So how would it NOT be a scam? 
How exactly does the warranty department let a used bicycle get packaged and shipped, especially to a customer that's already disatisfied and would obviously be double checking his stuff form here on in? This is the mail-order equivalent of spitting in the customer's soup because they sent the salad back. 
Then wondering how you got caught spitting in the soup.

Sorry, but Banshee is a 2 or 3 man operation, no excuses for this type of behaviour from BD, because the guys at Banshee are stellar in treating their customers. "lack of manpower or oversight" cuts no ice.


----------



## HamfisT (Mar 31, 2010)

That's ridiculous..

He wasn't a dissatisfied customer! BD OFFERED to take 50 bucks off the upgraded bike because the one he ordered was over-sold.
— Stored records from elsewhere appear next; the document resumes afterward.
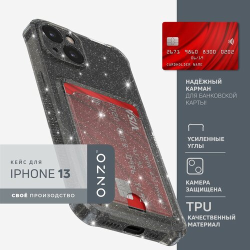 Чехол ONZO "KARTA" для Apple iPhone 13, темно-прозрачный (серебряные блестки)
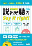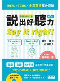 《英語力UP!說出好聽力─Say It Right》本書跟同類型書籍最大的不同是,每一個變音規則都是以國人最明確易懂的解析方式來歸納舉例,並立即佐以TOEFL、TOEIC及英檢等各類測驗中台灣同學最易誤聽的組合做即時的矯正。語音解析方面,沒有抽象難懂的舌位口型圖片,善用我們原有的母語,除了國語外, 還利用了發音部位不輸給英文的台語來做類比練習;充分利用我們原有的發音機制,來運作不同的語言中相同的語音。
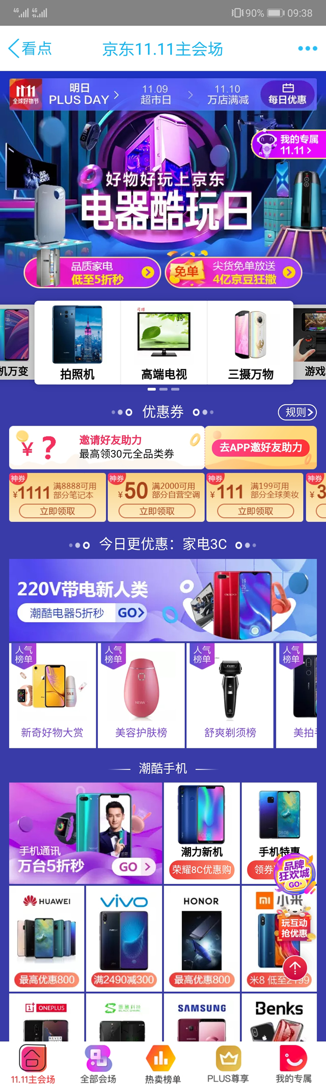 点击广告以后,直接进入京东双十一主会场,页面上会有各种省钱优惠,还有好物推荐! 双十一,购物季,剁手季,一年一度,所以大家都会在双十一的时候各种买买买,该买的时候就得买。广告主们应该怎么做双十一营销?广告主怎么在双十一之前提前预定流量?就选择腾讯社交广告即可,广告资源丰富,广告主可任意选择单个广告资源,也可以各广告资源通投,就能品牌宣传,又能让用户购买单品!总之,双十一营销找准目标受众人群,找准人们最需要的单品,都有可能让用户马上下单购买!
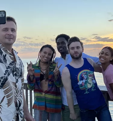 The cast members of Life's Rewards Season Two pose for a selfie with the gorgeous sunset at Pier 60 at Clearwater Beach.
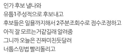 가온 디종 16윈가 그랬어 나온지 10일 된 노래가ㅋㅋㅋ 다음 주부턴 ㅂㅂ 나와서 1위하기 힘든 거 알잖아.. 지금 플디 피드백도 중요하지만 더 중요한 건 애들 공중파 1위 시켜주는 거야. 잠시 동안만 안 좋은 일들은 다 잊고 1위 시켜주는 데에 집중하자 초동 8만 팔고 공중파 못 먹었는데 초동 13만 팔고도 또 못 먹고 싶지 않지?

I would not have accepted the damaged bike either, but I would surely have let them ship me a new one.


----------



## lkn4life (Apr 22, 2010)

HamfisT said:


> That's ridiculous..
> 
> He wasn't a dissatisfied customer! BD OFFERED to take 50 bucks off the upgraded bike because the one he ordered was over-sold.
> 
> I would not have accepted the damaged bike either, but I would surely have let them ship me a new one.


Done deal, they emailed me the shipping label. Bikes out the door tomorrow. You're right HamfisT, I could let them send me another bike and I would probably be happy with it a year down the road. But if we all do that when something goes wrong, when are they going to realize that they need to check returned bikes more closely? And that the front caliper needs 2 bolts not one? When you delay a person for a significant amount of time they deserve a phone call? One of those 3 issues alone, fine, I would have been ok with it. All 3 together? Sorry you aren't getting a dime from me. I would LOVE to see what their warehouse and office look like, I can only imagine.


----------



## HamfisT (Mar 31, 2010)

You did the right thing, you are making yourself happy, and that's all that matters.

I'm sure you'll totally enjoy the new GF bike!


I'm just sick of all the haters who haven't dealt with BD bouncing speculation around. I've had good luck with them, and as long as they continue to offer product that interests me, I'll shop there.

Like I said, the GF bike you're buying was shipped in exactly the same manner as a BD bike, You're just paying the LBS to deal with any problems that may arise.


----------



## fuji1971 (Apr 13, 2010)

highdelll said:


> send it back - never deal w/ them again
> this thread is all the salesmanship they deserve.
> 
> look at the fukkin site!; you'd think they could scrap a layout or two after 'saving' you money.
> ...


Wow - Nice reply . I have never purchased a bike from BD, but have had my fair share of problems at local bike stores. I have found one I like and continue to spend ALOT of money with them. I'm looking at the Fly XX and asked the LBS I deal with their opinion. They said get it. It's a great deal and anything I'm not capable of working on they would take care of for me. Again I am loyal to this shop and I believe they are loyal to me in return. I have been in the retail business for many years, and have done very well. You have to try and make every customer happy within reason. It sounds like BD has done this with the offer of letting you ride the damaged product until the new bike ( shipped expedited ) arrives. Sometimes things happen and the purchase of a new bike is definetly a passionate and exciting one. I hope you find the bike you appreciate.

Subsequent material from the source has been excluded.